Second-harmonic generation via double topological valley-Hall kink modes in all-dielectric photonic crystals

TL;DR

This paper demonstrates second-harmonic generation in all-dielectric photonic crystals using topological valley-Hall kink modes, enabling tunable, bidirectional nonlinear frequency mixing with potential applications in sensing and photonic devices.

Contribution

It introduces a novel approach to achieve phase-matched SHG via topological kink modes in all-dielectric photonic crystals, combining topological photonics with nonlinear optics.

Findings

Topological bandgaps created around frequencies ω₀ and 2ω₀ in honeycomb PhCs.

Bidirectional, tunable phase-matched SHG demonstrated through simulations.

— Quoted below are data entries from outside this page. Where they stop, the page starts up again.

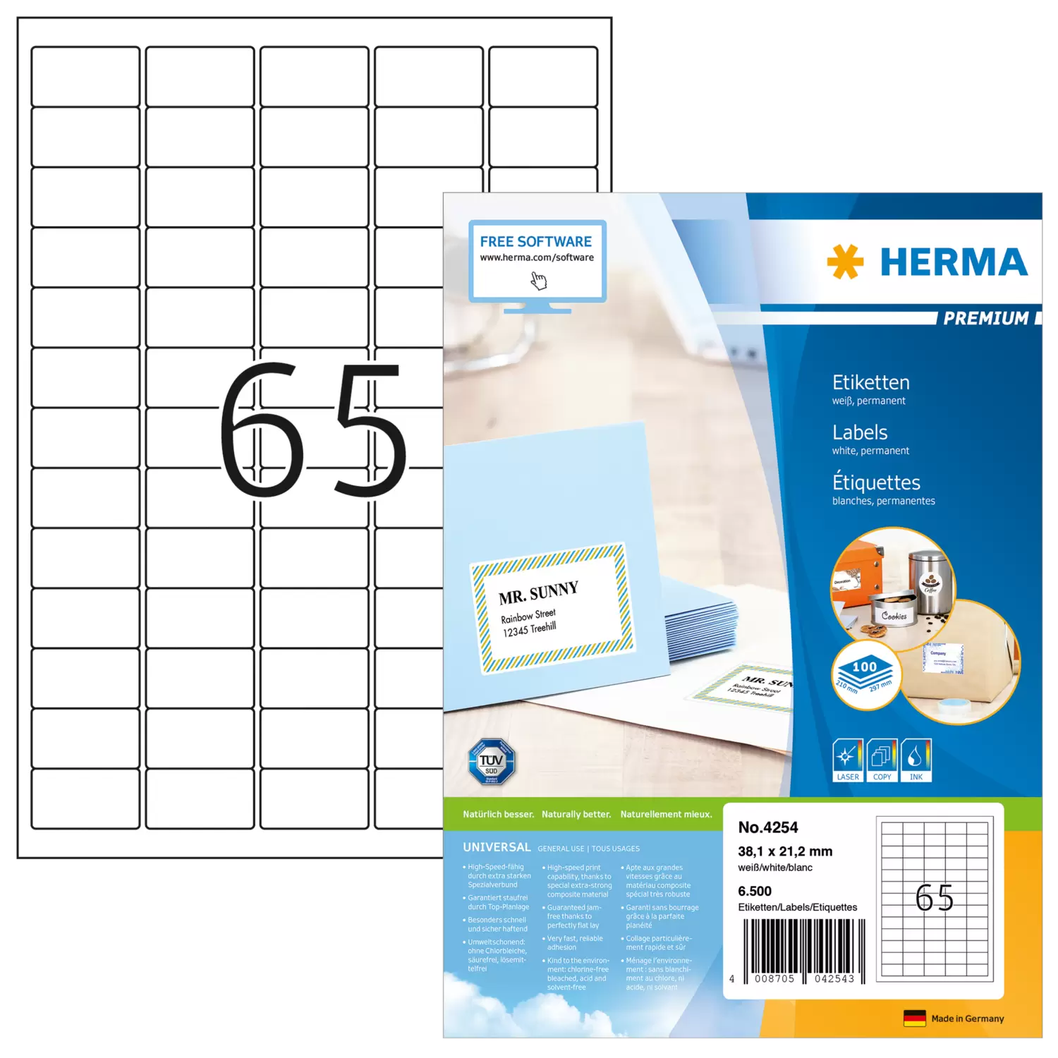 PREMIUM Adressetiketten A4, 38,1 x 21,2 mm, permanent haftend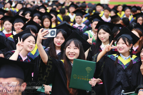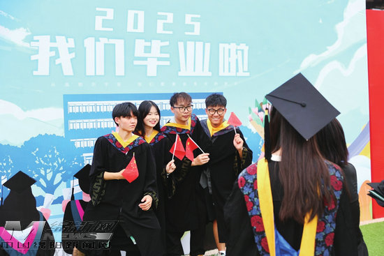 畢業(yè)典禮現(xiàn)場,畢業(yè)生合影留念。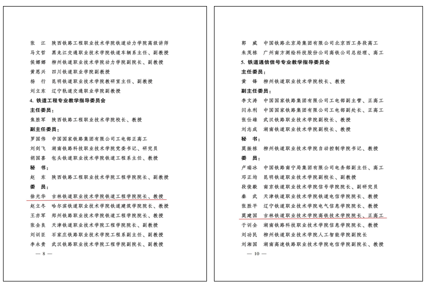 2022年8月2日,中国国家铁路集团有限公司在北京召开了全国铁道职业教育教学指导委员会(简称:铁道行指委)工作会议。会上印发了《关于公布铁道专业教学指导委员会(2021—2025年)组成人员的通知》(铁道行指委〔2022〕2号)文件,新一届铁道行指委下设7个专业教学指导委员会,分别为:铁道运输、铁道机车、铁道车辆、铁道工程、铁道通信信号、铁道供电、铁道装备制造专业教学指导委员会(简称“铁道专指委”)。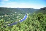 Za Ludvíkovicemi podle stejnojmenného vyschlého potůčku, stoupáme ke kapličce a přilehlému hřbitovu. Jen ho obcházíme a stoupáme na Spálenisko s dalším výhledem. Nad námi je Růžový hřeben s Růžovou vyhlídkou. Zde jsme již vysoko (433 m) a pohled dolů to dokazuje. Ze skalek vidíme, jak po Labi pluje několik raftů, kanoí a pár malých lodí. Před několika desetiletími jsem odsud fotil velké dopravní lodě, dnes břehy kaňonu lemují hromady oblázků a sucho posledních měsíců a nedostatek vody jejich plavbu neumožňuje.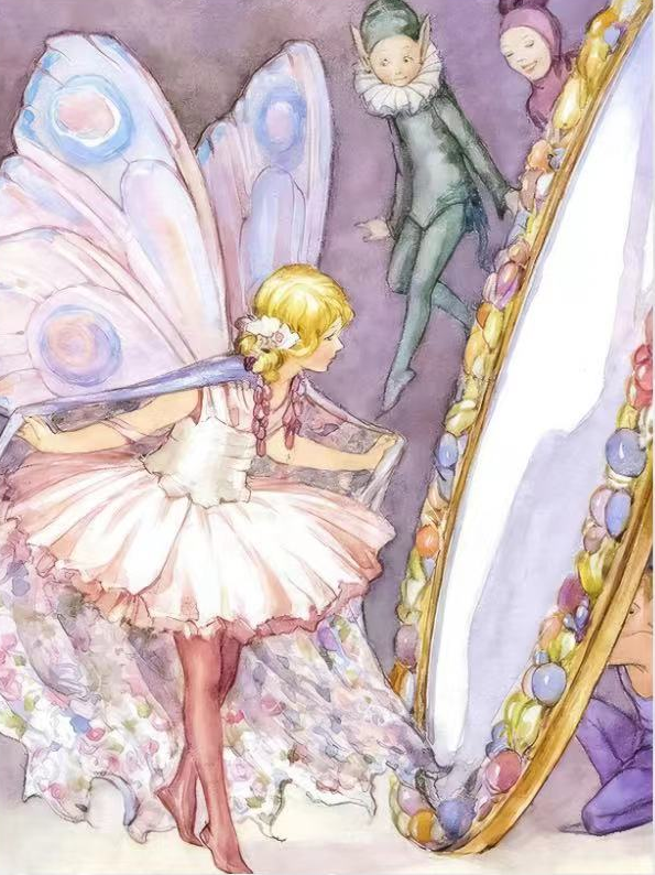 This enchanting artwork depicts a graceful fairy in a delicate, flowing dress and pastel butterfly wings, standing before a magical, jewel-encrusted mirror. πΈβ¨ She adjusts her outfit, her golden hair braided and adorned with flowers, while two elves peek out from behind the mirror, adding a touch of intrigue to the scene. The soft watercolor palette and ethereal details evoke a sense of fantasy and wonder, making it a captivating piece for dreamers and lovers of fairy tales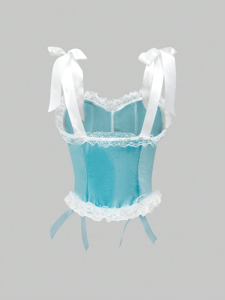 Goth Vintage Palast-Stil blaues Kreuz Anhänger, Spitzen-Schleife, SamtLässig Trägershirt für Damen
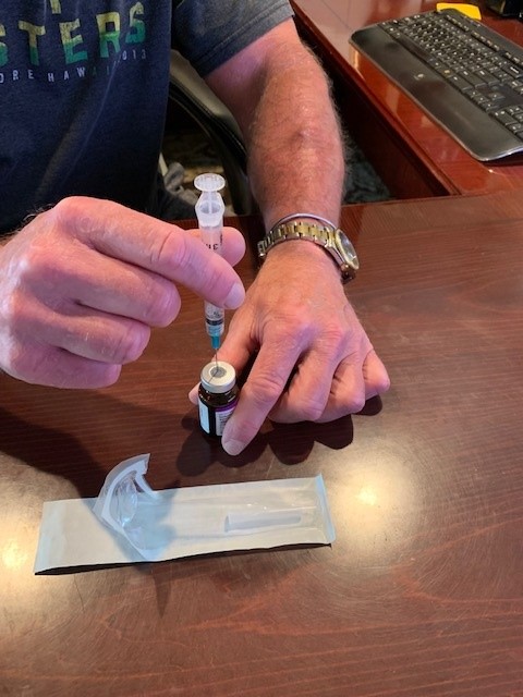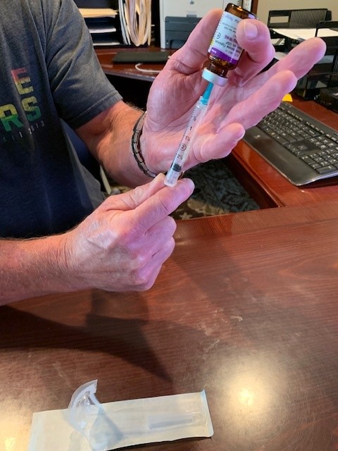 Remove the protective cap and insert the needle into the center of the rubber stopper of the vial of testosterone.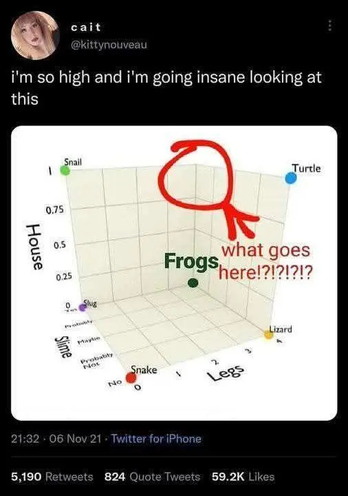That graph is also missing a data point at [Slime, Legs, House] = [No, 0, 1].

Introduction of SHG directional dichroism for sensing chiral molecules.

Abstract

Nonlinear topological photonics, which explores topics common to the fields of topological phases and nonlinear optics, is expected to open up a new paradigm in topological photonics. Here, we demonstrate second-harmonic generation (SHG) via nonlinear interaction of double topological valley-Hall kink modes in all-dielectric photonic crystals (PhCs). We first show that two topological frequency bandgaps can be created around a pair of frequencies, $\omega_0$ and $2\omega_0$, by gapping out the corresponding Dirac points in two-dimensional honeycomb PhCs. Valley-Hall kink modes along a kink-type domain wall interface between two PhCs placed together in a mirror-symmetric manner are generated within the two frequency bandgaps. Importantly, through full-wave simulations and mode dispersion analysis, we demonstrate that tunable, bi-directional phase-matched SHG via nonlinear interaction of the valley-Hall kink modes inside the two bandgaps can be achieved. In particular, by using Stokes parameters associated to the magnetic part of the valley-Hall kink modes, we introduce a new concept, SHG directional dichroism, which is employed to characterize optical probes for sensing chiral molecules. Our work opens up new avenues towards topologically protected nonlinear frequency mixing and active photonic devices implemented in all-dielectric material platforms.